The misrepresentation lawsuit ground on for years. Issues surrounding class certification made their way to the Alabama Supreme Court (about which refer here). The case was poised to go to trial earlier this year. However, counsel for the parties were able to negotiate a settlement.
The Misrepresentation Lawsuit Settlement
Pursuant to the details of the settlement, the insurer agreed to pay $230 million and Caremark (as successor in interest to MedPartners) agreed to pay $80 million, for a total settlement value of $310 million. The settlement funds must be deposited in escrow within 30 days of the Court’s final approval of the proposed settlement.
There are many interesting details to this litigation beyond those expressly cited above.

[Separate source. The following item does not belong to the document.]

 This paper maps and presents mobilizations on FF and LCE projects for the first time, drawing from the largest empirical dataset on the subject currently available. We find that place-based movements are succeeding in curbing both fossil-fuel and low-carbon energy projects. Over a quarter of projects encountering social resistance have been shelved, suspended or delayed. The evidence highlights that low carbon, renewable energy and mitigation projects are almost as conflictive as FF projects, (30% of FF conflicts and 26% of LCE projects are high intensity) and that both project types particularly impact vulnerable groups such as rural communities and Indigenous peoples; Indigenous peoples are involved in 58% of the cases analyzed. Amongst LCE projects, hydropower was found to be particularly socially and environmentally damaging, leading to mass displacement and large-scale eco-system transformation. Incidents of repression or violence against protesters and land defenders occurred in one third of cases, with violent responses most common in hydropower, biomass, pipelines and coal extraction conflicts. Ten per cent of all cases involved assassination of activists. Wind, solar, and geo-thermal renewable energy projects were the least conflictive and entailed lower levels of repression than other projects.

Among other things, the cast of characters includes many names that will be familiar to those in the industry who were around at the time of the original litigation and settlement in 1999.
The plaintiffs’ attorneys involved in the negotiation of the underlying securities lawsuit settlement separately obtained notoriety of their own; two of the key plaintiffs’ attorneys involved, Gene Cauley and Bill Lerach, wound up going to jail in connection with unrelated matters. My May 11, 2009 blog post entitled “$9 Million Missing and Plaintiffs’ Lawyer Takes the Fifth – OK, That’s Not Good” and describing the circumstances that led to Cauley’s incarceration can be found here. My September 2007 post about Lerach’s guilty plea can be found here.

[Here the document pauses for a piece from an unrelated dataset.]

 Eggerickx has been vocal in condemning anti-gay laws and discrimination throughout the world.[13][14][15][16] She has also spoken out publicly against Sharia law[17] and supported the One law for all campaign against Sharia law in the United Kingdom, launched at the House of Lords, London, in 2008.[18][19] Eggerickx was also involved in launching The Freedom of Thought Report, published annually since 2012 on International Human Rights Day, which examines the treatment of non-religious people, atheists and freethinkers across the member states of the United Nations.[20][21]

The tale behind this settlement is a trip down memory lane in other ways as well. Those of us who were around at the time know all about the LMUs. It was a different time and place in the insurance industry. Anybody who had anything to do with LMUs probably will find the details of this situation to be very interesting, and a reminder of what things were like at the time. It was a very long time ago.
Beyond that, I will say no more, except to note that the insurer’s contribution to the misrepresentation lawsuit settlement was more than nine times greater than the amount it paid in defense and settlement of the securities lawsuit, and that despite the “unlimited” insurance policy for which it paid $22.5 million, the company defendant (or, rather, its successor in interest) wound up having to make an $80 million contribution to the misrepresentation lawsuit settlement as well.